### WHAT YOU ARE ASKED TO DO
Reproduce, word for word, the lines in the material below starting with the one that has "02.12.2020 ж. 4" and going on through the one that has "地址:渾南校區圖書館泰山學術報告廳". Leave out all pictures.

--- DATA SUPPLIED Enclosed Below ---

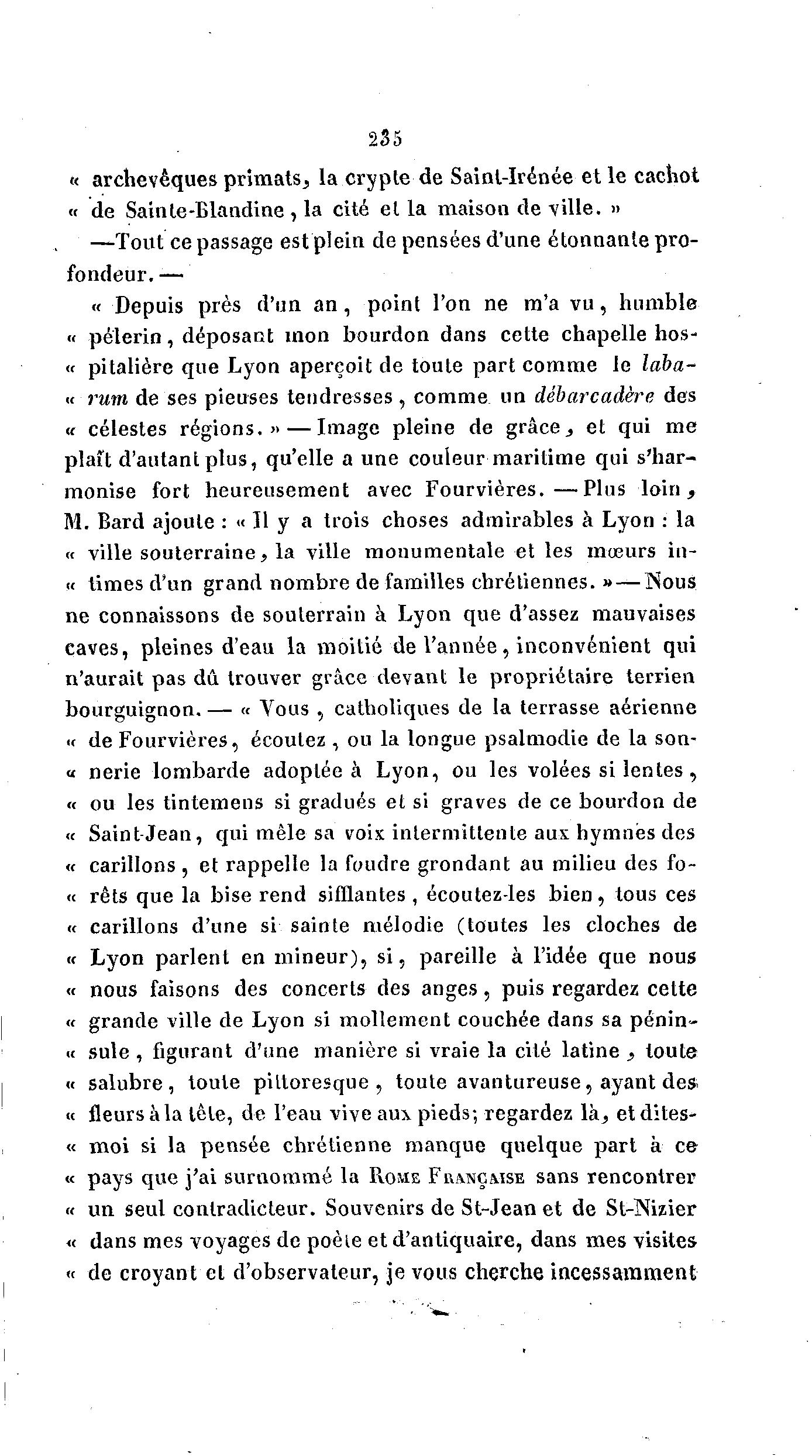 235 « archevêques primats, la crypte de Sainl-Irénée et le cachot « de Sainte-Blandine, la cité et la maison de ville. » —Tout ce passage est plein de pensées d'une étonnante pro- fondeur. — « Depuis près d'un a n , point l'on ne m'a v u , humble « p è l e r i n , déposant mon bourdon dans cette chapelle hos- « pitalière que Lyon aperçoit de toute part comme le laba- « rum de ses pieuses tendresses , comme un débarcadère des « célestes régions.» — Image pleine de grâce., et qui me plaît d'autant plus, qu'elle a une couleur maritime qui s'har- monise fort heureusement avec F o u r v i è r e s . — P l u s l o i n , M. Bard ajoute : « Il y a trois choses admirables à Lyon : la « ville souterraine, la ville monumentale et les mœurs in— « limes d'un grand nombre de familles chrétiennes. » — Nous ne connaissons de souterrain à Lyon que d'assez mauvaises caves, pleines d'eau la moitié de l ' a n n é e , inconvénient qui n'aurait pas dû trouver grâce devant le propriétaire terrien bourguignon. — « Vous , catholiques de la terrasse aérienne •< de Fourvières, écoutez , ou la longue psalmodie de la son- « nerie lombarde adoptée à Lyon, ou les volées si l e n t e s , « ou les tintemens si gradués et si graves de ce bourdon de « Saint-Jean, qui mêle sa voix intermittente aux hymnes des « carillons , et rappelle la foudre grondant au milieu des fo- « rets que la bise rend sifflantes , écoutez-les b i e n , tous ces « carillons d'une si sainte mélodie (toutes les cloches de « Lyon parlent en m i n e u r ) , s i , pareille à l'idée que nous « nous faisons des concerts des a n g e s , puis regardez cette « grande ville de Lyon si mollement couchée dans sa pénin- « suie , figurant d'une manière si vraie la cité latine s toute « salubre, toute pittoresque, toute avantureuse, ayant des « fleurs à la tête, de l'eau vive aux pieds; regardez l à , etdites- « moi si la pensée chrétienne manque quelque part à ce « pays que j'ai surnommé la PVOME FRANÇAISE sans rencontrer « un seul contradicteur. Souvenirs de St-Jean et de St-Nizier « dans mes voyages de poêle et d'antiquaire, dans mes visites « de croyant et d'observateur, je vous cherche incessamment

--- End of Enclosed DATA SUPPLIED ---
--- DATA SUPPLIED Enclosed Below ---

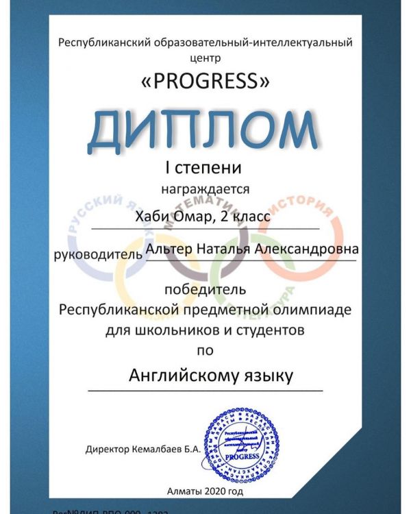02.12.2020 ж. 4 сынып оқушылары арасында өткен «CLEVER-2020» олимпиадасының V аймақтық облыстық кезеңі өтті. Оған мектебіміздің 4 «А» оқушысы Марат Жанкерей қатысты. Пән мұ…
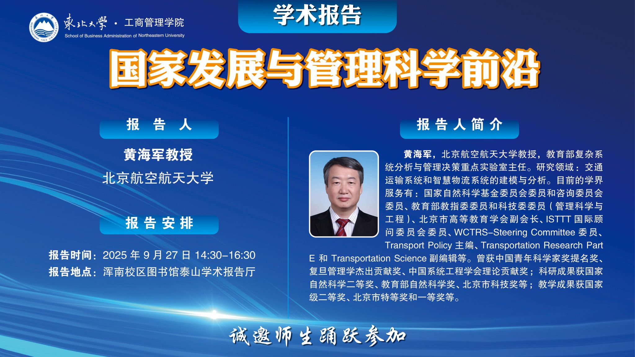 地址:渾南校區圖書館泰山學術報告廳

--- End of Enclosed DATA SUPPLIED ---

### RESPONSE BOX
02.12.2020 ж. 4 сынып оқушылары арасында өткен «CLEVER-2020» олимпиадасының V аймақтық облыстық кезеңі өтті. Оған мектебіміздің 4 «А» оқушысы Марат Жанкерей қатысты. Пән мұ…
 地址:渾南校區圖書館泰山學術報告廳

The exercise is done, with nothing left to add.